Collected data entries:

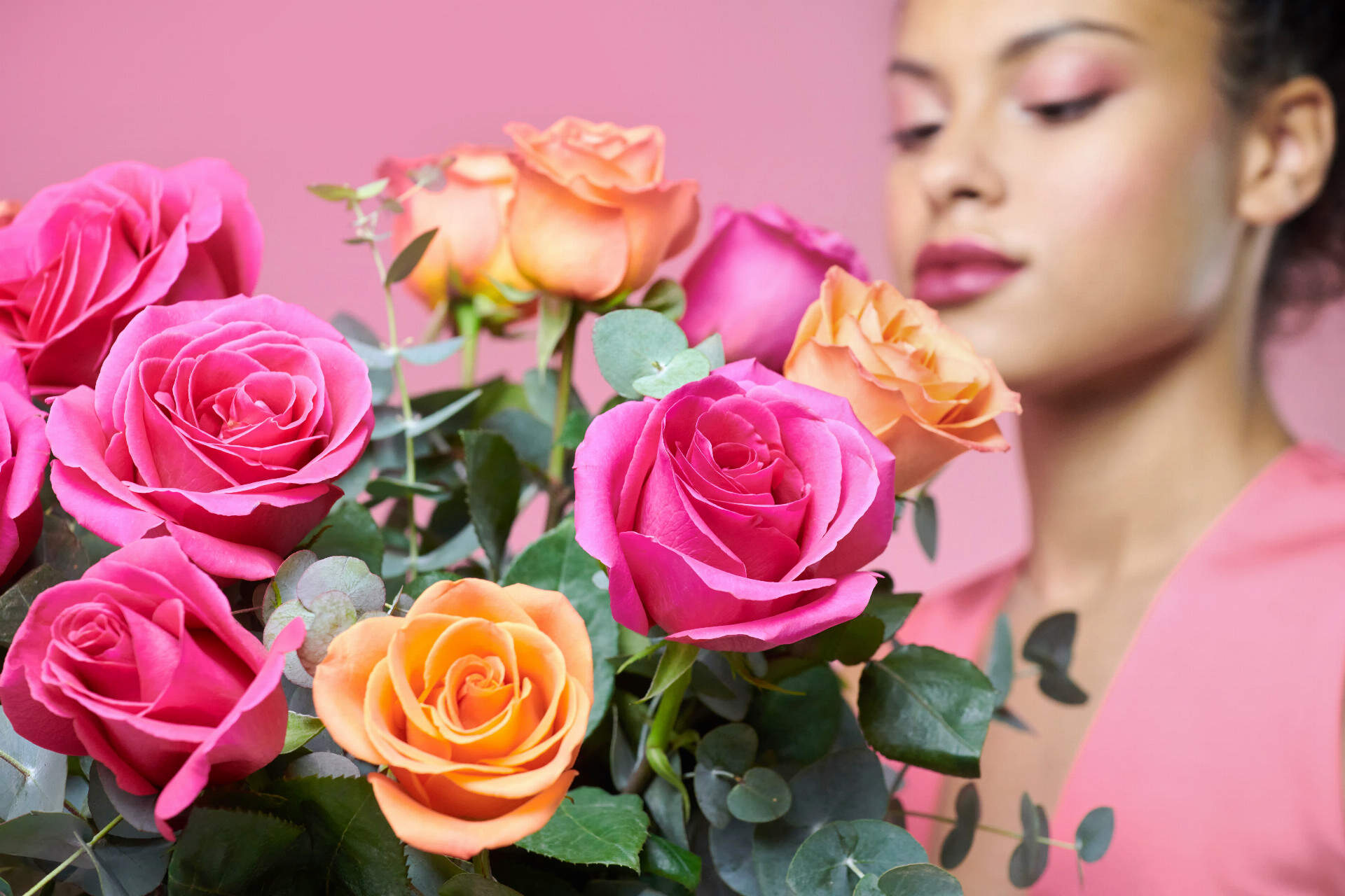 Ramo de rosas fucsia y naranja Beso Inesperado
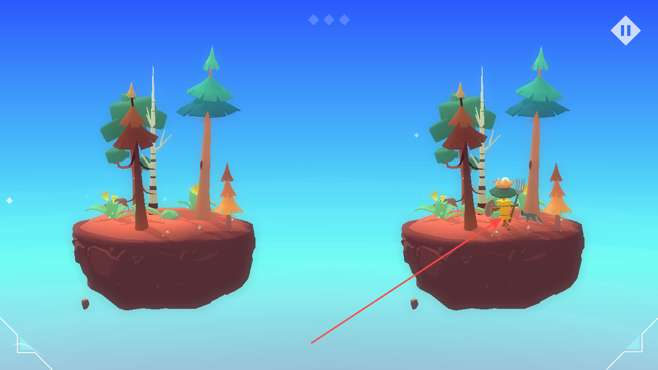 1、基础建造核心流程:进入3D岛屿场景后,首先选择参考模板或空白地块,通过点击拖拽进行地形塑造、建筑放置,同步观察双岛实时对比效果,逐步完成对称化建造目标。
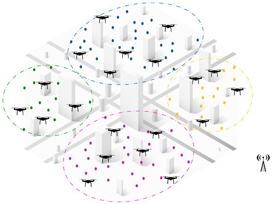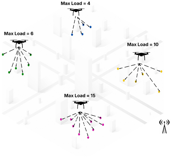Figure 1 provides a visual example of the multi-UAV dynamic task assignment problem as formulated in this study. In this scenario, multiple UAVs are deployed within an urban environment, each assigned a distinct set of tasks represented by colored dots. The assignment respects two key constraints: each task is assigned to only one UAV, and each UAV cannot exceed its maximum load capacity, as indicated by the “Max Load” label next to each UAV. This reflects the mathematical constraints defined in Equations (6b) and (6c), which ensure that UAVs operate within their capacity limits and that tasks are uniquely assigned. The spatial distribution of tasks further illustrates the complexity of the problem in terms of travel distance and time constraints, while the centralized antenna symbol hints at the presence of a supervisory controller that facilitates coordination. This diagram helps readers intuitively understand the objective of the problem—to assign tasks to UAVs in a way that maximizes overall mission efficiency, while satisfying operational constraints.
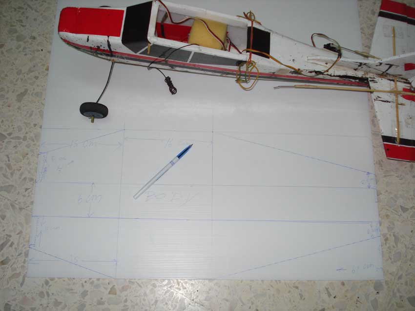 เมื่อวัดได้แล้วก็ขีดเส้นตามแนวแล้วก็ตัดเหลือเฉพาะตัวเครื่องบิน
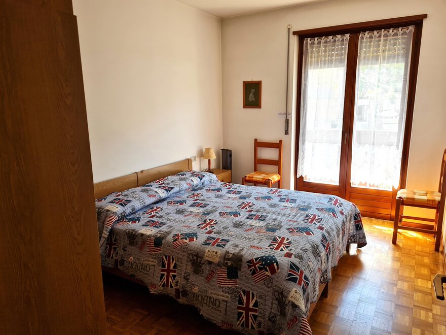 Appartamento per vacanze al secondo piano di 70 mq composto da zona giorno con cucina e soggiorno con divano letto (con secondo letto estraibile) e zona notte con una camera matrimoniale. L'appartamento è dotato di TV, lavastoviglie, stoviglie e pentole, forno, forno a microonde, frigorifero, piano cottura a induzione, aspirapolvere, ferro e asse da stiro, lavatrice, asciugacapelli, ripostiglio, cantina, riscaldamento centrale, balcone, cortile, posto macchina all’aperto, garage, ascensore, e biancheria su richiesta (per camera e per bagno).
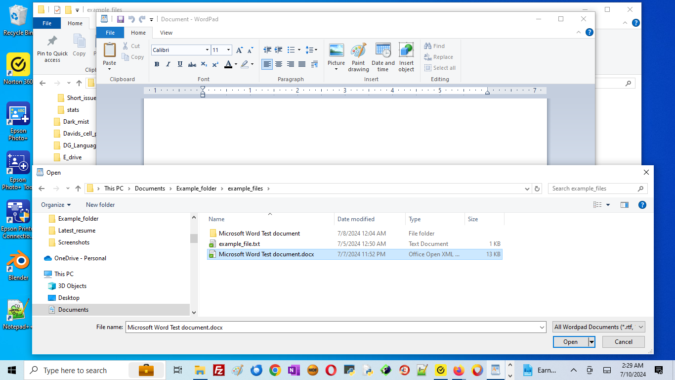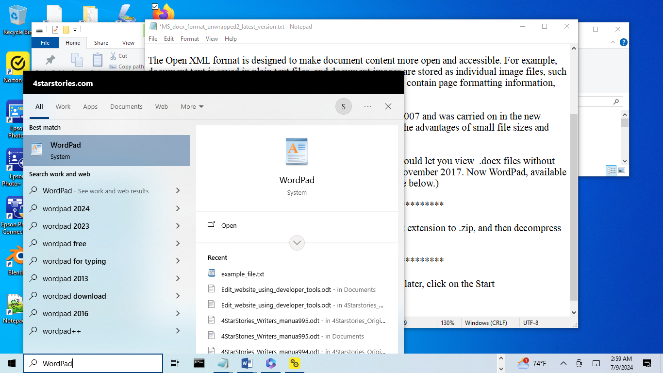 opens in WordPad.
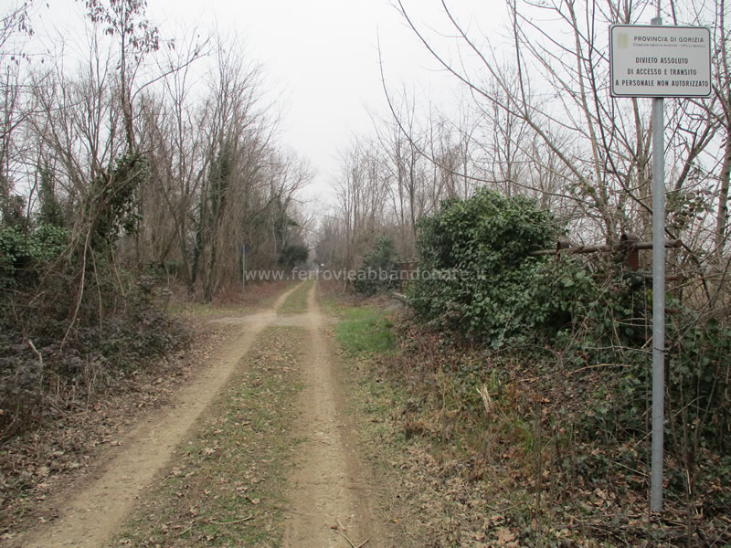 Ex-sedime nei pressi dell'interconnessione con la linea Udine-Trieste a Redipuglia. Il lungo viadotto terminale è stato demolito e sostituito dalla strada (M. Basso, 2022)

THE TASK: Transcribe each entry above without alteration, but keep the pictures out.

RESPONSE AREA:
 Ramo de rosas fucsia y naranja Beso Inesperado
 1、基础建造核心流程:进入3D岛屿场景后,首先选择参考模板或空白地块,通过点击拖拽进行地形塑造、建筑放置,同步观察双岛实时对比效果,逐步完成对称化建造目标。
Figure 1 provides a visual example of the multi-UAV dynamic task assignment problem as formulated in this study. In this scenario, multiple UAVs are deployed within an urban environment, each assigned a distinct set of tasks represented by colored dots. The assignment respects two key constraints: each task is assigned to only one UAV, and each UAV cannot exceed its maximum load capacity, as indicated by the “Max Load” label next to each UAV. This reflects the mathematical constraints defined in Equations (6b) and (6c), which ensure that UAVs operate within their capacity limits and that tasks are uniquely assigned. The spatial distribution of tasks further illustrates the complexity of the problem in terms of travel distance and time constraints, while the centralized antenna symbol hints at the presence of a supervisory controller that facilitates coordination. This diagram helps readers intuitively understand the objective of the problem—to assign tasks to UAVs in a way that maximizes overall mission efficiency, while satisfying operational constraints.
 เมื่อวัดได้แล้วก็ขีดเส้นตามแนวแล้วก็ตัดเหลือเฉพาะตัวเครื่องบิน
 Appartamento per vacanze al secondo piano di 70 mq composto da zona giorno con cucina e soggiorno con divano letto (con secondo letto estraibile) e zona notte con una camera matrimoniale. L'appartamento è dotato di TV, lavastoviglie, stoviglie e pentole, forno, forno a microonde, frigorifero, piano cottura a induzione, aspirapolvere, ferro e asse da stiro, lavatrice, asciugacapelli, ripostiglio, cantina, riscaldamento centrale, balcone, cortile, posto macchina all’aperto, garage, ascensore, e biancheria su richiesta (per camera e per bagno).
 opens in WordPad.
 Ex-sedime nei pressi dell'interconnessione con la linea Udine-Trieste a Redipuglia. Il lungo viadotto terminale è stato demolito e sostituito dalla strada (M. Basso, 2022)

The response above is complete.